Тру ля-ля, тру ля-ля,
Тру ля, тру ля, тру ля-ля!
— Представьте себе, милая, — прошептала Виржини на ухо Жервезе. — Я сейчас опять бегала взглянуть на него. Я просто не могу успокоиться. Так вот, оказывается, он уже улизнул от Франсуа.
— А на улице вы его не встретили? — спросила прачка.
— Нет, я спешила и не глядела по сторонам.
Но тут Виржини подняла глаза и, вскрикнув, тут же зажала рот рукой.
— Ах, боже мой!.. Да он здесь, на том тротуаре. Он смотрит сюда!
Жервеза, взволнованная, потрясенная, испуганно покосилась на окно: на улице собралась толпа. Молодцы из бакалейной лавки, хозяйка харчевни, маленький часовщик — все наслаждались пением пирующих, как бесплатным спектаклем. В толпе были какие-то военные и несколько штатских в сюртуках; три маленькие девочки, лет по пяти-шести, держались за ручки, — на их серьезных личиках было написано полное восхищение. И тут же, в первом ряду, действительно стоял Лантье и слушал с самым невозмутимым видом. Вот наглость! Жервеза вся похолодела; она не смела шевельнуться. А дядя Брю продолжал петь:
Тру ля-ля, тру ля-ля,
Тру ля, тру ля, тру ля-ля!
— Ну, старина, однако, довольно! — сказал Купо. — Неужели вы помните всю песню до конца?.. Вы споете ее нам как-нибудь в другой раз, когда мы будем навеселе…

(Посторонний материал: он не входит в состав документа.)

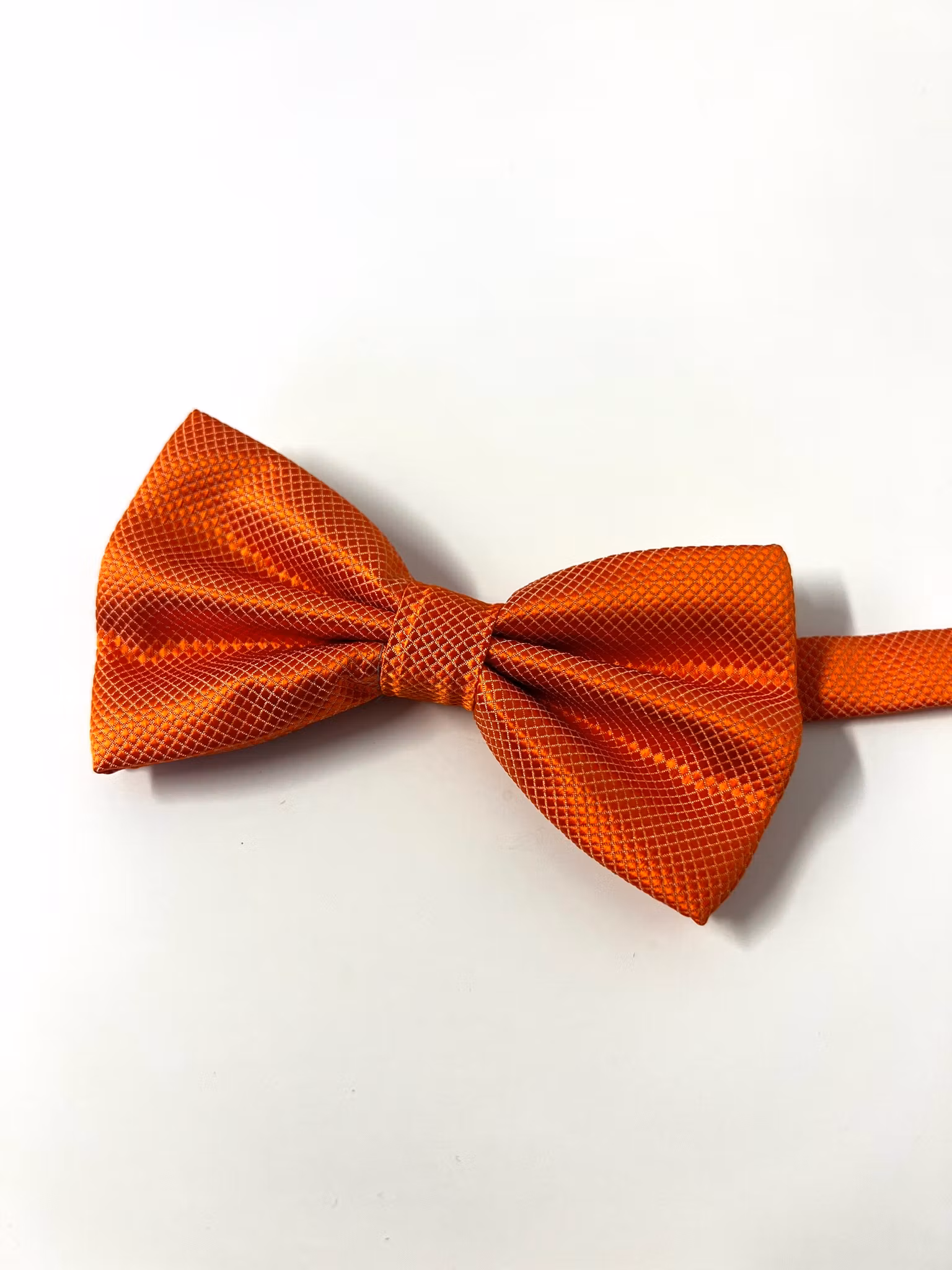 Denna fluga är handgjord i ett orange och glansigt material. Reglerbar i bandet kring nacken och passar små till medelstora hundar.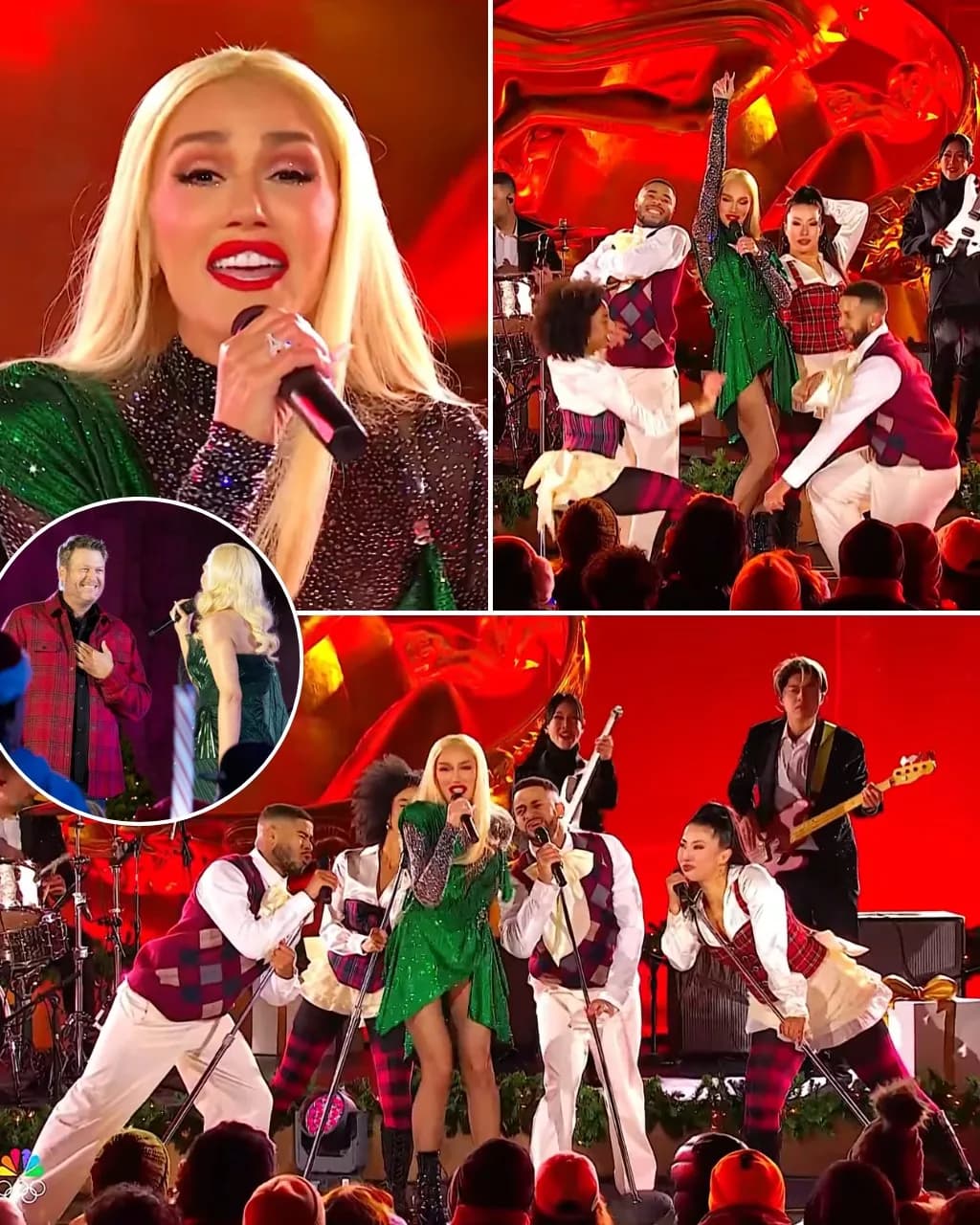 At 56, Gwen moved with the same fire she brought to stages in the No Doubt days, bouncing effortlessly across the platform in perfect command of every camera, every spotlight, every note. Her smile was bright enough to rival the Christmas tree towering behind her.

Все засмеялись. Старик сразу остановился, обвел всех мутным взглядом и снова понурился в каком-то тупом оцепенении. Кофе был выпит, и кровельщик вновь потребовал вина. Клеманс опять принялась за клубнику. На некоторое время пение прекратилось: поговорили о женщине из соседнего дома, которую в тот день утром нашли повесившейся. Теперь очередь петь была за г-жой Лера. Прежде чем начать, она долго готовилась. Сначала она обмакнула кончик салфетки в стакан с водой и намочила себе виски, — ей было слишком жарко. Затем попросила рюмочку водки, выпила и неторопливо вытерла губы.
— «Сиротку», что ли? — прошептала она. — Да, «Сиротку».
И вот эта высокая, носастая, мужеподобная женщина, с квадратными, как у жандарма, плечами, жалобно затянула:
Коль злая мать младенца покидает,
Ему приютом служит божий дом.
Господь с небес на сироту взирает,
Господь ему останется отцом.
На некоторых словах голос г-жи Лера дрожал; она делала прочувствованные паузы, закатывала глаза к небу, вытягивала вперед правую руку, потрясала ею и проникновенным жестом прижимала к сердцу. Жервеза, измученная присутствием Лантье, не могла удержаться от слез. Ей казалось, что песня выражает ее собственные муки, что она-то и есть тот покинутый, заброшенный ребенок, о котором заботится только бог. Вдребезги пьяная Клеманс внезапно разразилась рыданиями и, уронив голову на стол, глухо всхлипывала, обливая слезами скатерть. За столом воцарилось взволнованное молчание. Дамы вытащили платки и, гордясь своим волнением, принялись вытирать глаза. Мужчины потупились и, все время моргая, пристально смотрели в одну точку. Пуассон задыхался; стискивая зубы, он дважды откусил кончик трубки и оба раза выплюнул откушенный кусочек на пол, но курить не переставал. Бош не снял руки с колеи угольщицы, но, смутно устыдившись чего-то, перестал ее щипать; и по щекам его скатились две крупные слезы. Эти кутилы способны были и учинить жестокую расправу и размякнуть, как овечки. Сейчас от вина глаза у них были на мокром месте. Когда г-жа Лера запела припев во второй раз, еще медленнее и еще жалостнее, никто не выдержал: все прослезились, уткнувшись в тарелки, а мужчины стали расстегивать жилеты, точно их распирало от избытка чувств.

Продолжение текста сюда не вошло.